Potential energy is the energy an object possesses due to its position in a force field, typically a gravitational field. For a gas molecule at height \( h \) from the Earth's surface, the potential energy is given by \( mgh \), where \( m \) is the mass of the molecule and \( g \) is the gravitational acceleration. In the context of the Boltzmann distribution, the potential energy determines the likelihood of finding a molecule at a certain height. The formula \( \frac{N_h}{N_0} = e^{-mgh/kT} \) implies that molecules are less likely to be found at higher altitudes (higher potential energy) compared to the Earth's surface.

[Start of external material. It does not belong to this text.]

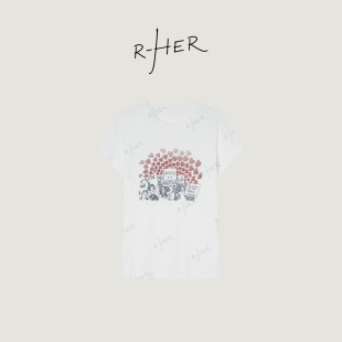 学院风刺绣短袖 怦然心动 打底上衣休闲内搭圆领落肩T恤女 HER

Density variations in a gas refer to changes in the number of gas molecules per unit volume at different heights. Due to the Boltzmann distribution, the density of a gas decreases with increasing altitude. The ratio of the density \( \rho_h \) at height \( h \) to the density \( \rho_0 \) at the surface can be expressed as \( \frac{\rho_h}{\rho_0} = e^{-mgh/kT} \). This exponential relationship shows that as height increases, the density of the gas decreases. It is important to note that this model assumes an isothermal atmosphere, meaning the temperature \( T \) is constant with altitude, which may not be true for the Earth’s atmosphere. Therefore, while the model provides a foundational understanding, it is a simplified approximation of reality.